Kahtan Al-Bayaty, Mustafa and others tested the serum E-cadherin status of 30 gastritis patients, 20 gastric ulcer patients, and 20 gastric cancer patients. They found that the E-cadherin level of all patients increased, and the gastric cancer group was significantly higher than the other groups. Increase, so E-cadherin can be used as a potential marker for the diagnosis of gastric cancer (Carneiro et al., 2012). The extracellular domain of E-cadherin can be broken down into 80 kDa fragments by proteases under certain pathological stimuli. These fragments can be soluble E-cadherin (sE-cadherin). In patients with intestinal and diffuse gastric cancer, serum soluble E-cadherin also presents a completely different pattern.
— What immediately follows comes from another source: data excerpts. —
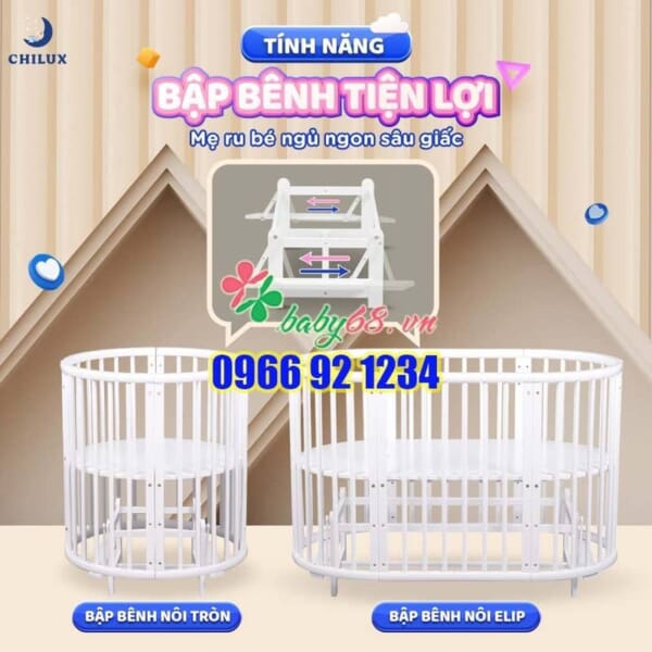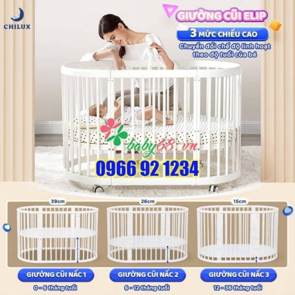 – Giường cũi nôi tròn đa năng Chilux với sự thiết kế phá cách hơn so với các loại nôi cũi truyền thống. Thiết kế vòng cung giúp bé thoải mái và an toàn như trong vòng tay của mẹ.
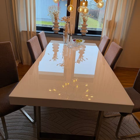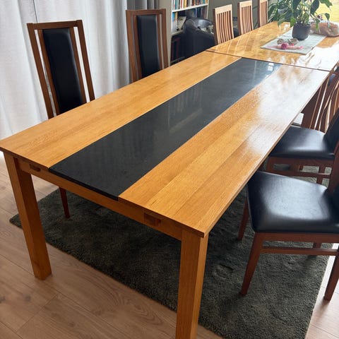 Matbord med 6 stolar i massiv valnöt med granitskiva. Stolarna är även de i valnöt med svart konstläder.
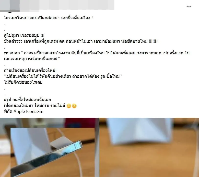 สาวโวย!! ซื้อไอโฟน เปิดกล่องมา รอยมือเพียบ-รอยบุบ เชื่อ!! โดนย้อมแมว ห่อซีลขายใหม่!!

The level of serum E-cadherin increases in intestinal gastric cancer, while in diffuse gastric cancer, especially in the advanced stage, its level decreases, so it may be a biomarker for the diagnosis of intestinal gastric cancer (Juhasz et al., 2003).

The abnormal expression of E-cadherin is related to the aggressiveness of gastric cancer, suggesting that this marker may serve as a negative prognostic factor for gastric cancer (Lazar et al., 2008; Xia et al., 2017; Kumar et al., 2021). Zhila Torabizadeh et al. detected the protein expression level of E-cadherin in the tumor tissues and adjacent tissues of 70 patients with gastric cancer. And they found among these 70 patients, 48.6% showed abnormal E-cadherin expression.the abnormal expression of E-cadherin has a strong correlation with tumor stage, tumor grade, depth of invasion and local lymph node involvement, this marker can be used as a predictor of tumor aggressiveness in gastric cancer (Torabizadeh et al., 2017; Wool Eom et al., 2020).

It can be seen that detecting the expression of E-cadherin or the alteration of the CDH1 gene encoded by it may provide promising applications for the diagnosis, prognosis or treatment targets of gastric cancer. E-cadherin and β-cadherin are often more related to advanced disease and poor prognosis. Chan AO et al. measured the expression of soluble E-cadherin in 116 patients with gastric adenocarcinoma included in the trial, and found that soluble E-cadherin can be used as a long-term predictor of cancer patients. It is an independent factor of survival, and it can be a potentially valuable prognostic factor for patients with gastric cancer before treatment (Chan et al., 2003b).